» Work to complete
The required output is the exact run of lines below that opens at the line with "Majola z Warszawy" and closes at the line with "This sketchbook contains".

***** Provided data *****

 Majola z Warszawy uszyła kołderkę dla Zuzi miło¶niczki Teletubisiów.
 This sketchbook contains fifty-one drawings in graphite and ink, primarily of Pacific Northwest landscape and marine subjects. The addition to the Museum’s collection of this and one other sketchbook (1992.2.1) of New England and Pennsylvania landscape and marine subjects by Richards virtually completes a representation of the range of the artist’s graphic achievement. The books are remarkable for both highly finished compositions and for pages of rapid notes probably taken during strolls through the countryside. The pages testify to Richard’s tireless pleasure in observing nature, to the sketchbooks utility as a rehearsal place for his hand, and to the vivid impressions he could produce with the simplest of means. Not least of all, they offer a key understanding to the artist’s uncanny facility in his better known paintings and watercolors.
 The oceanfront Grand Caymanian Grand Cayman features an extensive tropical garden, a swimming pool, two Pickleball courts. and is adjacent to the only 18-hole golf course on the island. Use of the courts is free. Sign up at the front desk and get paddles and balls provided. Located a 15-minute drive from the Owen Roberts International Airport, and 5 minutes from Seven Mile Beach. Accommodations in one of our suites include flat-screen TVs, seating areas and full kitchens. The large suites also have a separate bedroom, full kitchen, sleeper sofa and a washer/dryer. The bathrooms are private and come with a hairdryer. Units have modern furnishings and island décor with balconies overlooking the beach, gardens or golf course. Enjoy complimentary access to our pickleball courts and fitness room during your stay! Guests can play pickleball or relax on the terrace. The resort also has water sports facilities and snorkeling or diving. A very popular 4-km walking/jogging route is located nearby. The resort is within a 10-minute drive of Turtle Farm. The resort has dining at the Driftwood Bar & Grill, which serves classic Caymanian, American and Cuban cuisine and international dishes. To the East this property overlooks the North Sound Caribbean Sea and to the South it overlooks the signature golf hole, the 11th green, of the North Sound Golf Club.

*****
***** Provided data *****

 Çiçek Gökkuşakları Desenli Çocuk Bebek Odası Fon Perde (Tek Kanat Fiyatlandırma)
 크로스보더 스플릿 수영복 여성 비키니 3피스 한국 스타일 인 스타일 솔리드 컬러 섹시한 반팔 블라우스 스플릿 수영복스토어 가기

*****

» Task answer
 Majola z Warszawy uszyła kołderkę dla Zuzi miło¶niczki Teletubisiów.
 This sketchbook contains fifty-one drawings in graphite and ink, primarily of Pacific Northwest landscape and marine subjects. The addition to the Museum’s collection of this and one other sketchbook (1992.2.1) of New England and Pennsylvania landscape and marine subjects by Richards virtually completes a representation of the range of the artist’s graphic achievement. The books are remarkable for both highly finished compositions and for pages of rapid notes probably taken during strolls through the countryside. The pages testify to Richard’s tireless pleasure in observing nature, to the sketchbooks utility as a rehearsal place for his hand, and to the vivid impressions he could produce with the simplest of means. Not least of all, they offer a key understanding to the artist’s uncanny facility in his better known paintings and watercolors.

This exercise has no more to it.